On 1/29/13 11:46 PM, Bron Gondwana wrote:
> Hi All,
>
> I'm trying to understand why my ext4 filesystem is creating highly fragmented files even though it's only just over 50% full.

It's at least possible that freespace is very fragmented; you could try the "e2freefrag" command to see.

<backgroun>

> Now we've got some background, let's create two files using the fallocate command line tool, and see where the blocks wound up. This mirrors exactly the behaviour we have seen with both using posix_fallocate to pre-allocate space, or just using seek and writev to write individual records out to the file. Except with the slower writes of a real application, we get closer to 9000 extents for a file this size.
>
> [brong@imap14 conf]$ fallocate -l 20m testfile
> [brong@imap14 conf]$ fallocate -l 20m testfile2
> [brong@imap14 conf]$ filefrag testfile
> testfile: 421 extents found
> [brong@imap14 conf]$ filefrag testfile2
> testfile2: 306 extents found
>
> Now looking at the verbose output, we can see that there are many extents of just 3 or 4 blocks:
>
> [brong@imap14 conf]$ filefrag -v testfile | awk '{print $5}' | sort -n | uniq -c | head
> 2
> 1 is
> 1 length
> 1 unwritten
> 6 3
> 10 4
> 6 5
> 5 6
> 3 7
> 1 8

But longer extents too, right:

$ filefrag -v testfile | awk '{print $5}' | sort -n | uniq -c | tail
1 162
1 164
1 179
1 188
1 215
1 231
1 233
1 255
1 322
1 357

> Yet looking at the next file,
>
> [brong@imap14 conf]$ filefrag -v testfile2 | awk '{print $5}' | sort -n | uniq -c | tail
> 1 173
> 1 175
> 1 178
> 1 184
> 1 187
> 1 189
> 1 194
> 1 289
> 1 321
> 1 330
>

and presumably shorter extents at the beginning?

So it sounds like both files are a mix of long & short extents.

> There are multiple extents of hundreds of blocks in length. Why weren't they used in allocating the first file?

I'm not sure, offhand. But just to be clear, while contiguous allocations are usually a nice side-effect of fallocate, nothing at all guarantees it. It only guarantees that you'll have that space available for future writes.

Still, it'd be interesting to figure out why the allocator is behaving this way.
It'd be interesting to see the freefrag info, the allocator might really be in scavenger mode.

-Eric

> This filesystem is quite busy all the time. There are hundreds of imapd processes all locking and writing to it, including a lot of fdatasync and fsync calls. During the time it took to run this command, there would have been multiple fsyncs. I can't see why that would affect the allocator in this way for a single fallocate call though.
>
> Regards,
>
> Bron.



2013-01-30 06:35:14

by Bron Gondwana

[permalink] [raw]
Subject: Re: fallocate creating fragmented files

On Wed, Jan 30, 2013, at 05:05 PM, Eric Sandeen wrote:
> On 1/29/13 11:46 PM, Bron Gondwana wrote:
> > Hi All,
> >
> > I'm trying to understand why my ext4 filesystem is creating highly fragmented files even though it's only just over 50% full.
>
> It's at least possible that freespace is very fragmented; you could try the "e2freefrag" command to see.

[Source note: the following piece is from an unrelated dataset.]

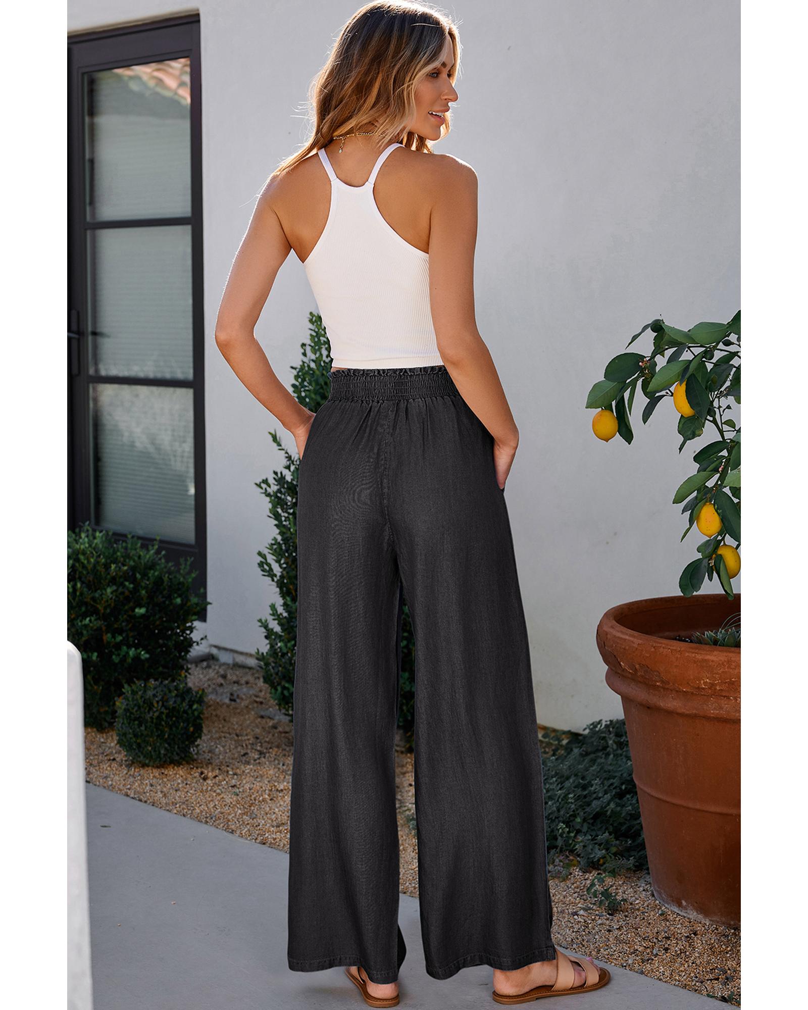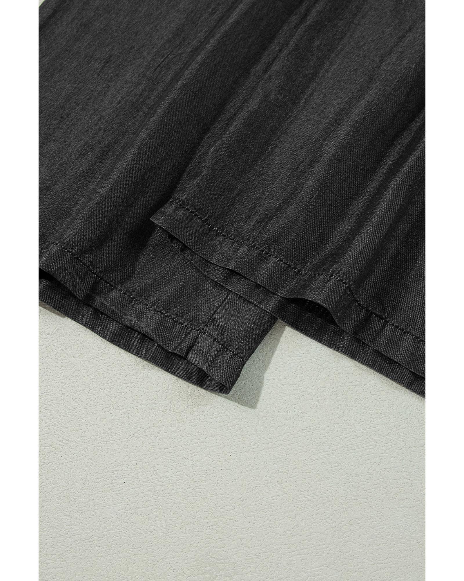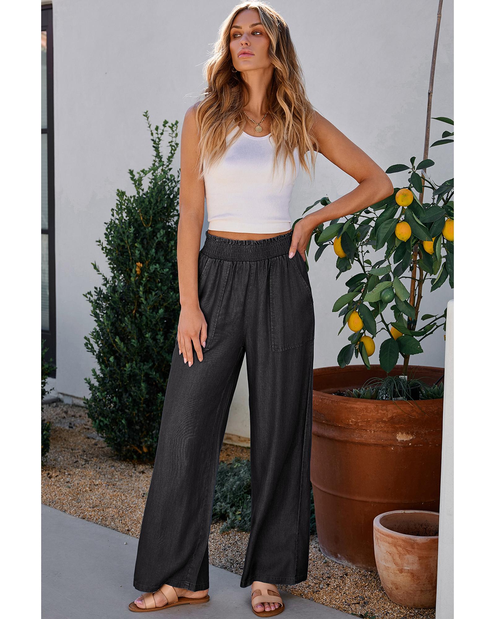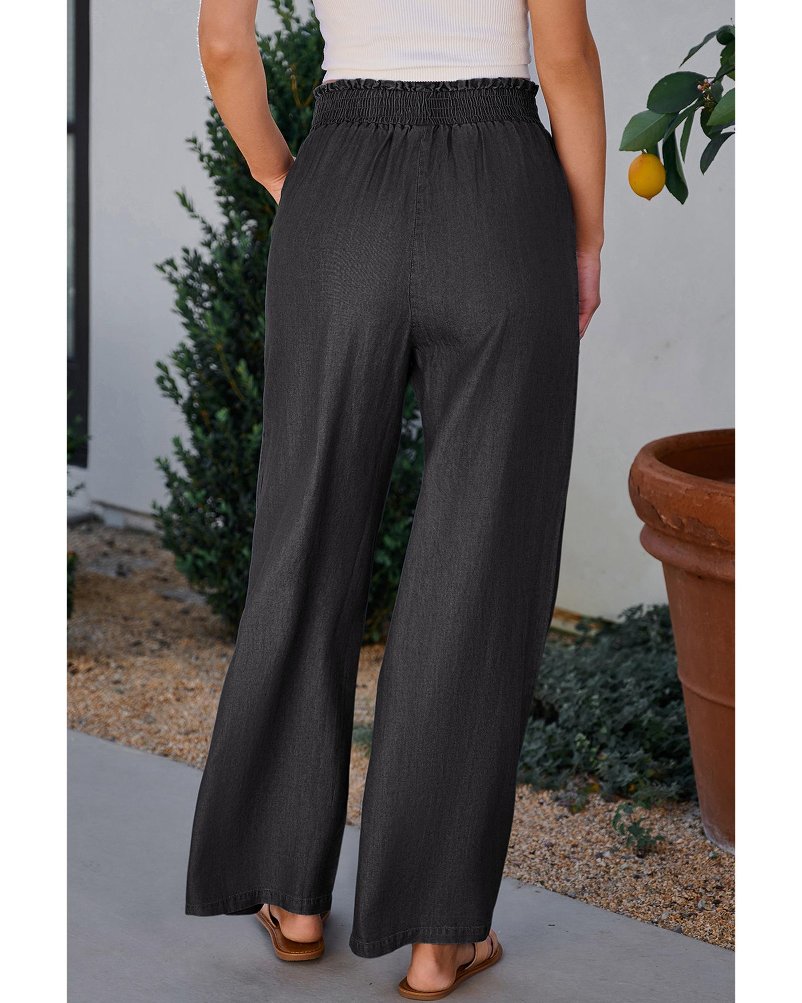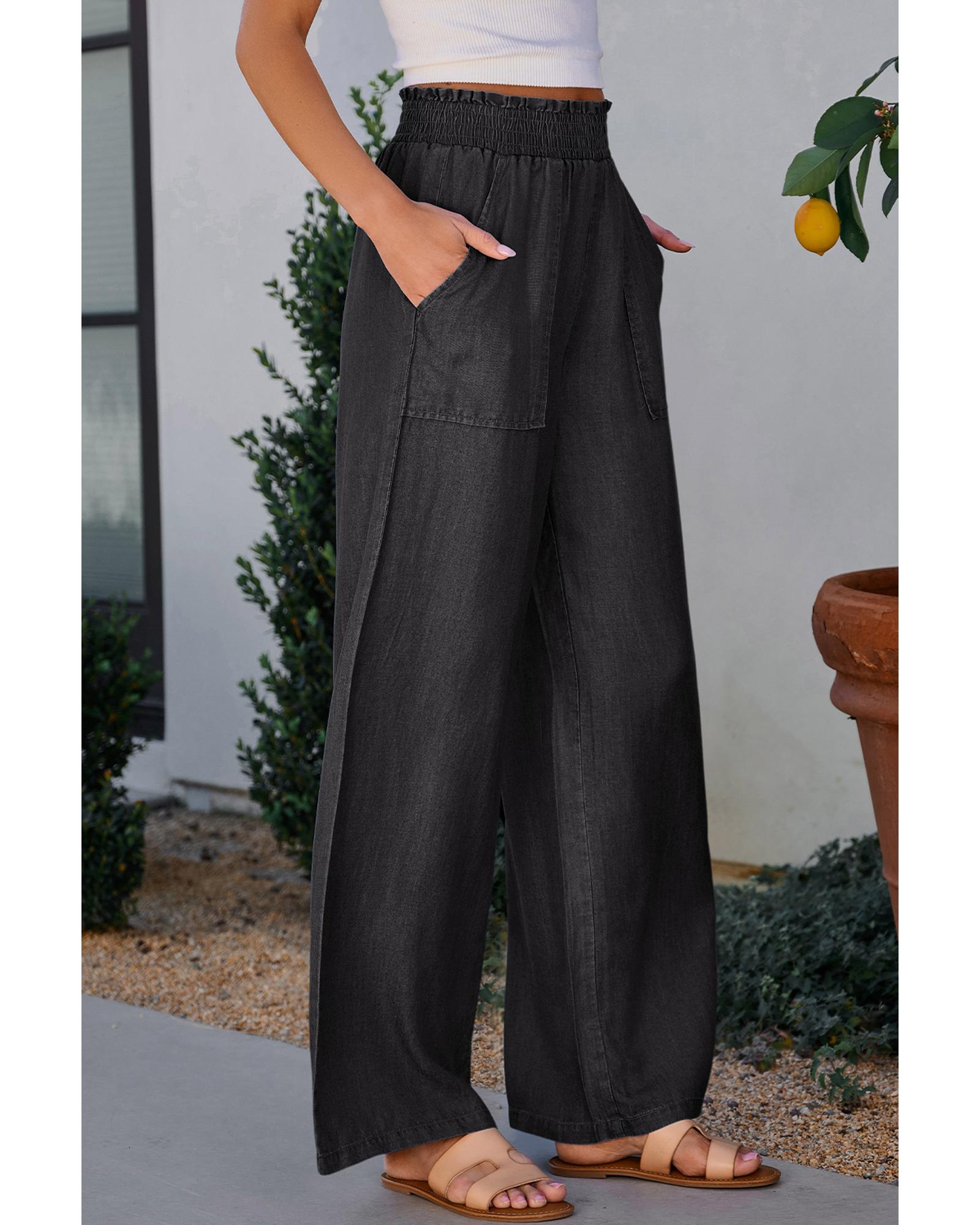 Black Side Pockets Frilled Smocked High Waist Wide Leg Jeans – 2XL

[brong@imap14 ~]$ e2freefrag /dev/md0
Device: /dev/md0
Blocksize: 1024 bytes
Total blocks: 62522624
Free blocks: 26483551 (42.4%)

Min. free extent: 1 KB
Max. free extent: 757 KB
Avg. free extent: 14 KB
Num. free extent: 1940838

HISTOGRAM OF FREE EXTENT SIZES:
Extent Size Range : Free extents Free Blocks Percent
1K... 2K- : 538480 538480 2.03%
2K... 4K- : 362189 870860 3.29%
4K... 8K- : 321158 1681591 6.35%
8K... 16K- : 268848 2934959 11.08%
16K... 32K- : 210746 4697440 17.74%
32K... 64K- : 151755 6738418 25.44%
64K... 128K- : 63761 5512870 20.82%
128K... 256K- : 20563 3552580 13.41%
256K... 512K- : 3308 1047995 3.96%
512K... 1024K- : 30 17615 0.07%

> > Now looking at the verbose output, we can see that there are many extents of just 3 or 4 blocks:
> >
> > [brong@imap14 conf]$ filefrag -v testfile | awk '{print $5}' | sort -n | uniq -c | head
> > 2
> > 1 is
> > 1 length
> > 1 unwritten
> > 6 3
> > 10 4
> > 6 5
> > 5 6
> > 3 7
> > 1 8
>
> But longer extents too, right:
>
> $ filefrag -v testfile | awk '{print $5}' | sort -n | uniq -c | tail
> 1 162
> 1 164
> 1 179
> 1 188
> 1 215
> 1 231
> 1 233
> 1 255
> 1 322
> 1 357
>
> > Yet looking at the next file,
> >
> > [brong@imap14 conf]$ filefrag -v testfile2 | awk '{print $5}' | sort -n | uniq -c | tail
> > 1 173
> > 1 175
> > 1 178
> > 1 184
> > 1 187
> > 1 189
> > 1 194
> > 1 289
> > 1 321
> > 1 330
> >
>
> and presumably shorter extents at the beginning?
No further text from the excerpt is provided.